**Data for review**:
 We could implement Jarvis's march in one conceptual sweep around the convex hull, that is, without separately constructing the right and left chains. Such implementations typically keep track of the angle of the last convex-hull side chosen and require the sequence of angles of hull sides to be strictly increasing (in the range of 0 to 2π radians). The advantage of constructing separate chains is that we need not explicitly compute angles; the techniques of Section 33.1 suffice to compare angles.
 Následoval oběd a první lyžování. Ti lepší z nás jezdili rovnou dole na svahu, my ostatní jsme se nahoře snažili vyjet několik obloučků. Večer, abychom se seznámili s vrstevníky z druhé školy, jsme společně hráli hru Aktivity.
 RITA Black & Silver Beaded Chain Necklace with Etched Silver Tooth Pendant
* * *
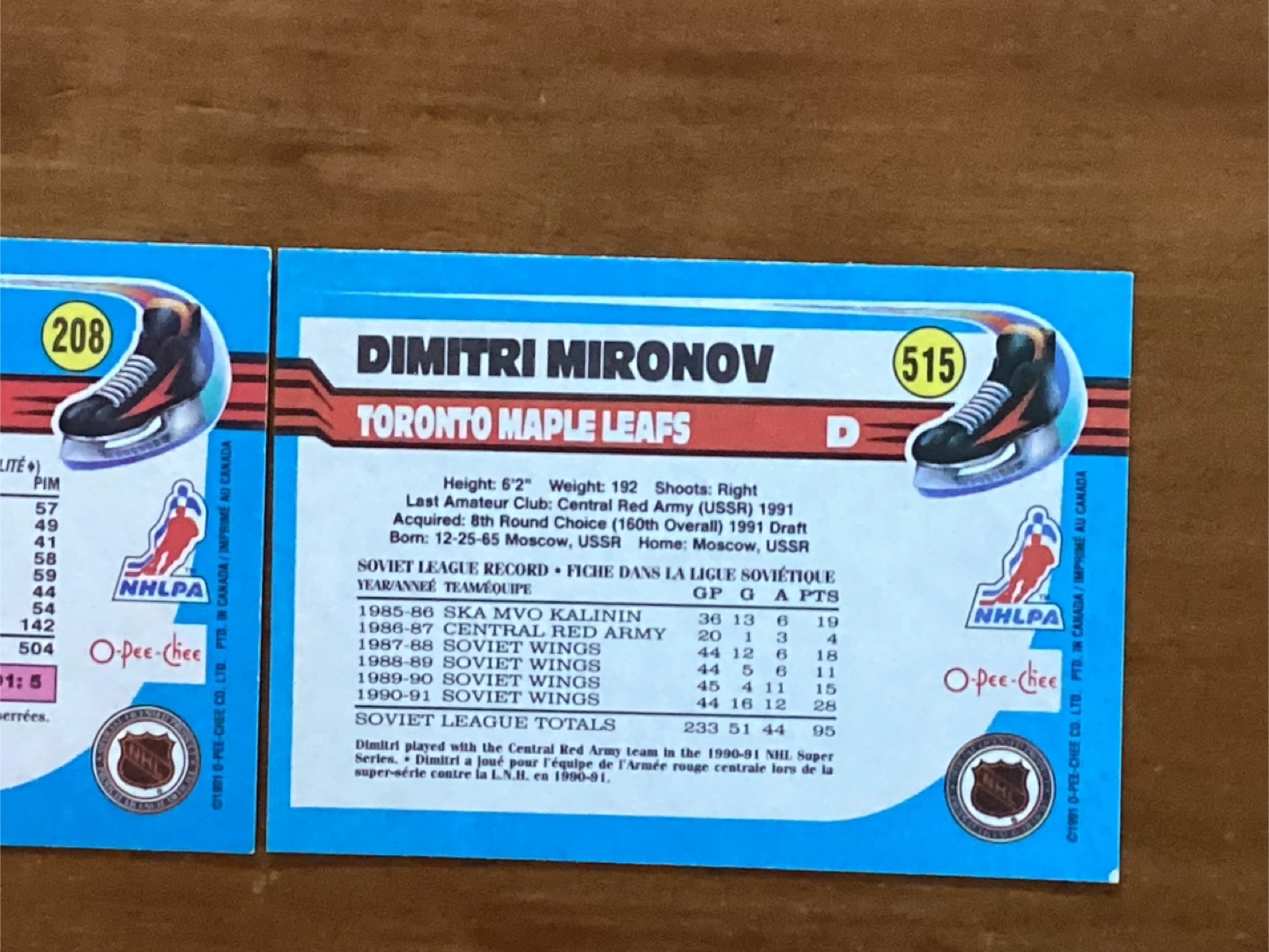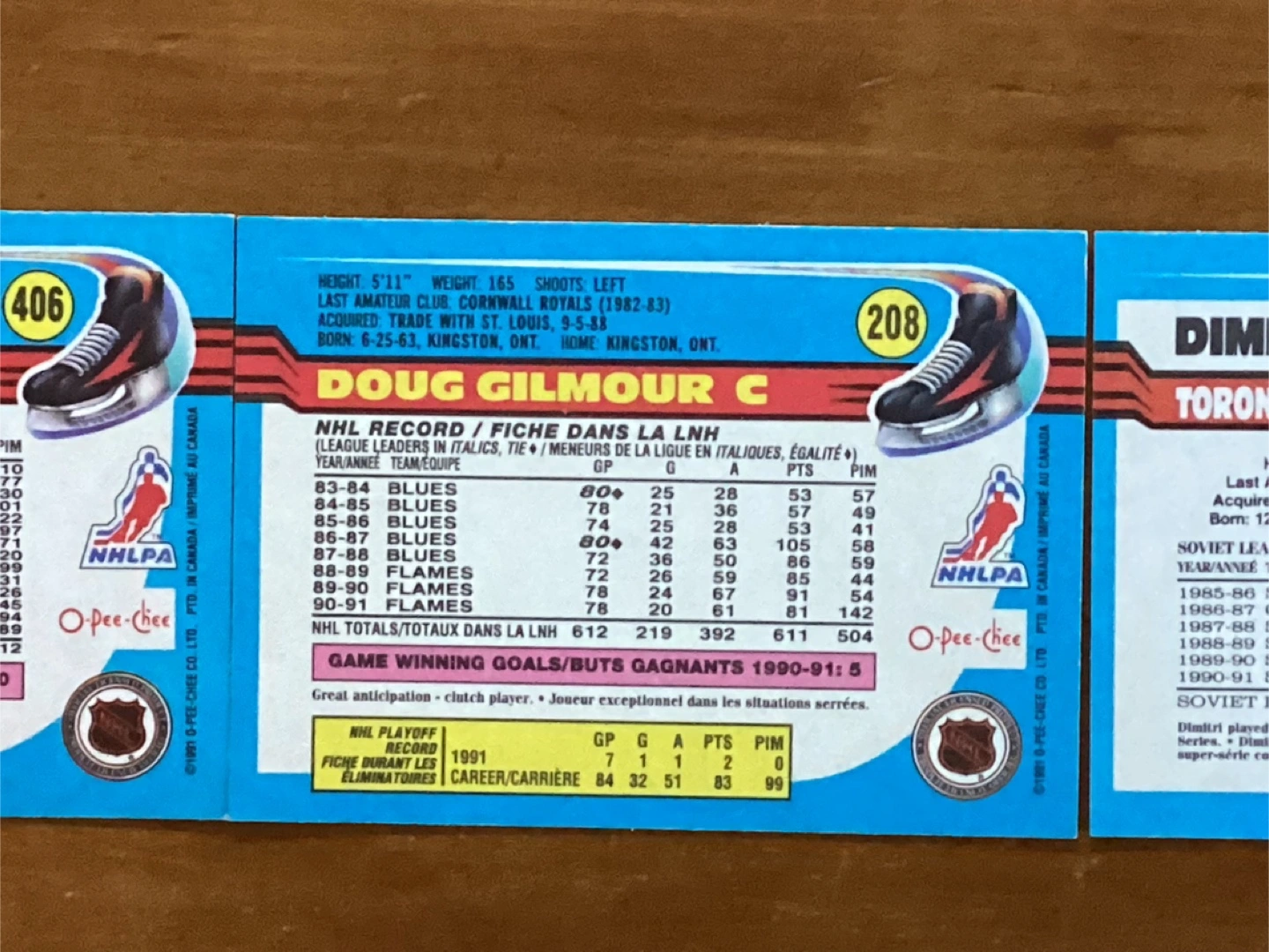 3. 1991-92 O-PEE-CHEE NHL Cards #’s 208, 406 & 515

**Work instruction**: Your task is to restate, word for word, only those lines above that fall between the line holding "Následoval oběd a" and the line holding "RITA Black &", inclusive.

**Answer box**:
 Následoval oběd a první lyžování. Ti lepší z nás jezdili rovnou dole na svahu, my ostatní jsme se nahoře snažili vyjet několik obloučků. Večer, abychom se seznámili s vrstevníky z druhé školy, jsme společně hráli hru Aktivity.
 RITA Black & Silver Beaded Chain Necklace with Etched Silver Tooth Pendant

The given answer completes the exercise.